O mais destacado lutador pela paz dentro de Israel, Uri Avnery, faleceu no dia 20. Hospitalizado após derrame cerebral, em coma há dez dias, o ex-deputado do Knesset (parlamento israelense), jornalista, fundador da revista semanal Haolam Hazeh (Este Mundo) e idealizador e fundador do Bloco da Paz, Avnery foi o primeiro israelense a se econtrar, após viagem atravessando o Líbano, com o líder palestino, Yasser Arafat.
Ativista pela paz, com o reconhecimento dos direitos do povo palestino e do estabelecimento do Estado da Palestina, livre da ocupação israelense, militou até o final da vida, aos 94 anos.
Avnery pediu que seu corpo seja cremado, seu arquivo entregue à Biblioteca Nacional de Israel e seu dinheiro doado em favor de atividades pela paz.
Sem nunca se intimidar com o poder temporário dos criminosos do apartheid israelense, Avnery demonstrava uma convicção inabalável na justiça de suas idéias. “Do ponto de vista dos ideais, minha vida foi uma vitória total e do ponto de vista das idéias, eles, os inimigos da paz, foram politicamente derrotados”.
Nascido em 1923, em Hanover, na Alemanha, Avnery, que antes de vir a Israel se chamava Helmut Osterman, emigrou junto com sua família para Israel em 1933, alguns meses depois da subida de Hitler ao poder. Depois da chegada viveu até o último de seus dias em Tel Aviv.

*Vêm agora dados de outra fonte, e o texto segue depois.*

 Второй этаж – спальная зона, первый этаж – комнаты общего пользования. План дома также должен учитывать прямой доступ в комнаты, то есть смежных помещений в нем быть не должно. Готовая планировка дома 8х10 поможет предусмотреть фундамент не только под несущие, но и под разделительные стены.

Quando jovem, foi admirador do sionista de direita, Zeev Jabotinsky e aos 15 anos de idade ingressou na organização paramilitar sionista, Etzel. O papel de Avnery, na época, durante o terror que ajudou a limpar o terreno de palestinos para implantar o Estado de Israel era – segundo ele próprio – “distribuir panfletos para amedrontar os árabes, enquanto companheiros da organização colocavam bombas em mercados, em Haifa, em Yaffo e muitas mulheres e crianças morreram e apoiei isto”, como confessou em entrevista ao jornal Haaretz.

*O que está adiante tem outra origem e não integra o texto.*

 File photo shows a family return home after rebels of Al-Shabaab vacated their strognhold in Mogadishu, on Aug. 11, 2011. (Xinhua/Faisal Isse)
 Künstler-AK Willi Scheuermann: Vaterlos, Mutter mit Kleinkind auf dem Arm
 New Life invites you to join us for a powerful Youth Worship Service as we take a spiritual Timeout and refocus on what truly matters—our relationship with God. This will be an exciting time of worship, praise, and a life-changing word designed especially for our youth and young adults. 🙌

Mas a própria guerra de 1948 e as atrocidades contra o povo palestino cometidas sob seu olhar, o fizeram mudar a visão. “Estive entre os primeiros a acreditar na solução dos dois Estados, um para os judeus e outros para os palestinos”, descreve.
“Naqueles anos, não passávamos de dez pessoas a acreditar naquilo que hoje é consenso mundial”, declarava Avnery. Mas a partir daí Avnery evoluiu para uma compreensão cada vez mais clara da irracionalidade e injustiça latentes no regime israelense.
Em seu jornal Haolam Hazeh, desde dois anos depois da fundação do Estado de Israel, Avnery brandiu sua pena contra o conservadorismo, a discriminação contra as etnias árabe-judaicas em Israel, contra a posição anti-árabe do primeiro-ministro Ben Gurion.
Denunciou a degeneração e corrupção em que passou a assolar o regime israelense e foi agraciado pelo chefe do Mossad (serviço secreto de Israel, especializado em assassinar lideranças palestinas), em 2004, com a denominação de “Inimigo número um do regime”.
Em 1955, uma bomba foi colocada na redação de sua revista. Felizmente não houve feridos.
Em 1982, em plena invasão israelense do Líbano, quando os invasores cercaram Beirute e tentaram trucidar os integrantes da Organização de Libertação da Palestina, OLP -inclusive seu líder – Avnery cruzou trincheiras e entrevistou Yasser Arafat, que pouco depois conseguiu escapar.
Em 1992, Avnery idealizou e fundou a organização Bloco da Paz. Participou de inúmeras manifestações pela paz e contra ações agressivas tanto a Gaza quanto à Cisjordânia.
Quando, durante o governo Sharon, a sede da Autoridade Nacional Palestina, em Ramallah, com Arafat em seu interior, foi cercada pelos soldados israelenses, Avnery foi até o prédio para ficar ao lado de Arafat e impedir que o prédio fosse bombardeado e o líder palestino assassinado.
O líder da Lista Árabe Unida, com bancada de deputados no Knesset, Ayman Odeh, declarou ao se despedir do campeão da paz: “Sua voz, suas ideias, sua visão de mundo continuarão a reverberar depois de sua ida”.